# O rare Ben Johnson (sic)  [= orare Ben Johnson? ]



## lentulax

(The epitaph on Ben Jonson's tombstone) a topic raised on the English Only forum, whose discussion partly goes beyond the scope of that forum. It has often been claimed (though I don't know who first did so, or when) that this is a pun : o rare = orare in latin - so the inscription also means 'Pray for Ben Jonson' (an invitation with a distinctly Catholic implication which would not have been permitted by the Protestant orthodoxy). For many reasons, I am not in the least convinced by this claim, despite the frequency with which it ihas been repeated; I raise it here because my first reason is that, though 'orare' means pray, 'Orare Ben Jonson' does not , and cannot, mean 'Pray for Ben Jonson.' 'Pray for', in this sense, is normally 'Ora/orate _*pro*_' , isn't it? (I think of the Litany of Saints, etc.etc.). And 'orare' is infinitive, not active imperative ? (I gather that 'orare' might be the singular passive imperative form, not something I can claim much familiarity with, but even if so it wouldn't then mean what it is claimed to mean.) Anyway, on this part of the argument I thought I'd seek the views of people more qualified to pronounce on Latin than I am.


----------



## Snodv

You are right--_orare_ is an infinitive, and it makes no sense.  Even if it is passive, it means "you are being begged/pleaded/prayed," and none of those make any sense either.  So I doubt there was any punning intent.


----------



## Pietruzzo

lentulax said:


> It has often been claimed (though I don't know who first did so, or when) that this is a pun



Well, it's a pun because "o rare" can be read either in Latin or in English and with the same meaning.


----------



## lentulax

Pietruzzo said:


> Well, it's a pun because "o rare" can be read either in Latin or in English and with the same meaning.

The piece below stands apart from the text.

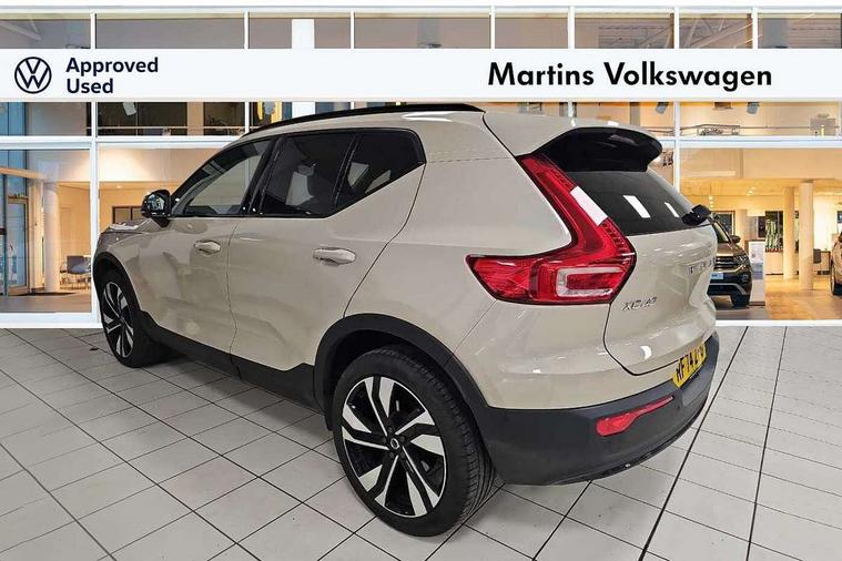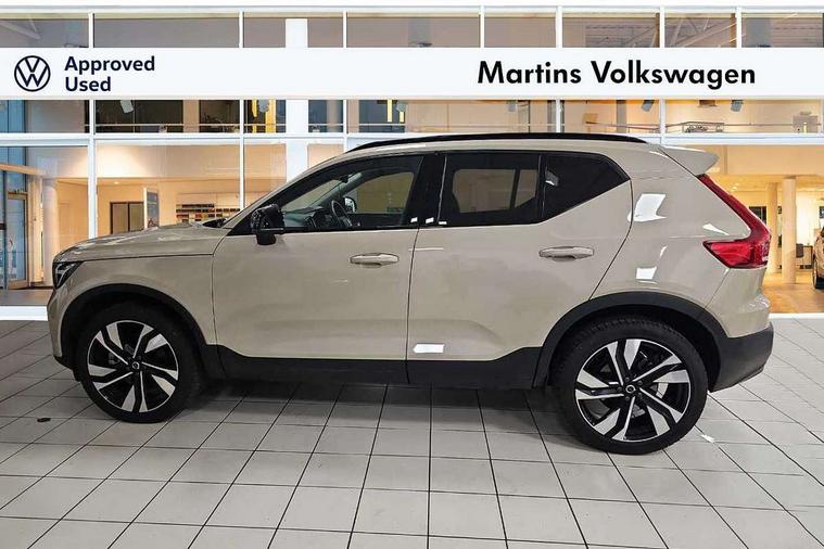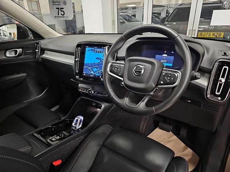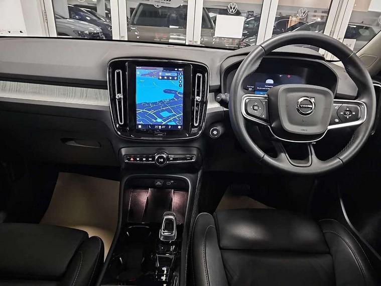 12.3" Progressive Driver Display, 360 degree surround view parking camera with side proximity sensors, 9" centre console portrait touch screen, Adjustable steering wheel force, Android auto (Wired), Apple carplay (wired), Bluetooth handsfree system, Driver alert control, Driver assistance (pilot assist and adaptive cruise control), Driver awareness - Blind spot information system with steer assist, cross traffic alert with autobrake and rear collision warning and mitigation, E-call, Front park assist, Google automotive services - Enabled entertainment apps, navigation with google maps, voice recognition with google assistant, Hands free power tailgate, Intelligent speed assistance, Lane keeping aid, Oncoming Lane Mitigation, Rear park assist, Speed sensitive steering, Volvo cars services with app - Driving journal, emergency and breakdown call, engine remote start, remote door locking/unlocking and vehicle dashboard, Wireless/Inductive Mobile Phone Charging, Automatic transmission with start/stop and manual change functions, Dynamic chassis, DAB Digital radio, Premium Sound by Harman Kardon, Dolby Pro Logic II Surround Sound, Dirac Unison, 12 speakers/600W and subwoofer, Steering wheel mounted remote controls, Active bending pixel LED headlights with adaptive shadow technology, Active high beam incorporating daytime running lights, Adaptive brake lights with high level LED brake lights, Auto dimming feature for exterior door mirrors, Auto dimming interior mirror, Automatic headlamp levelling, Dark tinted windows - rear side windows and rear screen, Front aluminium tread plates, Front and rear electric windows, Headlight cleaning system, High gloss black front and rear skid plate, High gloss black front bumper deco, High gloss black mesh front grille with high gloss black surround, High gloss black window trim, Home safe and approach lighting, Integrated roof rails in high gloss black, LED front fog lights with cornering function, Power glass tilt and slide panoramic sunroof with sun curtain, Puddle lights, Rain sensor with automatic windscreen wiper activation, Rear side wing doors, Rear wiper, Roof antenna, Roof spoiler, Visible VIN plate, 12V socket in front tunnel console and luggage compartment, 2-Zone electronic climate control with CleanZone air quality system and pollen filter, 3 seat bench in 2nd row, 3 Spoke tailored steering wheel with chrome trim, 60/40 versatile split folding rear seat, Centre console cupholders and storage, Flexible load floor and grocery bag holder, Floor mats, Front cabin courtesy lights, Front door pocket, front cupholder, ambient front door, rear reading, rear courtesy, instrument panel and tailgate lighting, Front footwell illumination, Front headrests, Front reading lights, Front seat cushion extensions, Front side step illumination (under door), Glovebox bag hook, Heated front seats, Height/reach adjustable steering column, High gloss centre tunnel deco, Illuminated glovebox, Illuminated luggage compartment, Illuminated vanity mirrors + ticket holder, Integrated waste bin, Isofix attachments on outer rear seats, Load cover, Load protection net, Multi directional lumbar support for driver and passenger seat, Power driver seat with memory + exterior mirrors memory, Power folding rear headrests, Power passenger seat, Rear armrest with cupholders, Single front passenger seat, Underfloor cargo storage, Climate pack without heated front seats - XC40, 3x3 point rear seatbelts, City safety with steering support with Pedestrian + cyclist + front collision warning with full auto brake and rear auto brake, Driver and passenger airbags, Drivers knee airbag, Electronic parking brake with auto hold, First aid kit, Front and outer rear seatbelt reminder and pretensioners, Front seats SIPS airbags, Hill descent control, Hill start assist, Inflatable curtain, Passenger airbag cut-off device, Power child locks on rear doors, Road sign information display, Run off Road Protection, SIPS (Side Impact Protection System), Slippery road and hazard light alert, Stability and Traction Control with Spin control, Engine Drag Control and Corner Traction Control, Tyre pressure monitoring system, Vehicle deceleration control with Anti-lock Brake System, Electronic Brake Distribution and Emergency Brake Assist, Warning triangle, WHIPS whiplash protection system - front, 2 x Key integrated remote control central locking including with deadlocking system and auto open/close windows and sunroof, Anti-theft alarm including immobiliser/volume sensor + level sensor, Keyless drive includes keyless entry and keyless start, Locking wheel nuts,

 ! You're maybe the first person to think of that - or the first to point it out publicly! I'm not sure it qualifies as a pun, though, at least according to stricter definitions; but you're certainly entitled to call it a play on words, though of a kind so rare that I don't know that there's a distinguishing word to identify it .
However, it's all grist to the mill ; one of the arguments for the o rare/orare pun is that people in those days were more familiar with Latin, and wouldn't have been able to help noticing that the letters made 'orare', understanding it to mean 'pray for' (and thus for me contradicting the notion of their competence in Latin); however, you make it clear that anyone whose familiarity with Latin led them to notice the Latin meanings where available of English words/phrases would , seeing 'O rare Ben Jonson',  have read 'O rare [vocative] Ben Jonson' in Latin , a sentence both grammatical and meaningful.


----------



## bearded

Pietruzzo said:


> "o rare" can be read either in Latin or in English and with the same meaning.


 Bravo!


----------



## Scholiast

Greetings all

It may be pertinent to remark here that Jonson had the benefit of a thorough education in Latin and Greek at Westminster School in London—unlike his older friend Shakespeare, whom he nonetheless honoured by declaring that he was comparable with the poetic and dramatic maestros of antiquity, despite having (to Jonson is owed the phrase) 'small Latine and lesse Greeke'.

Σ


----------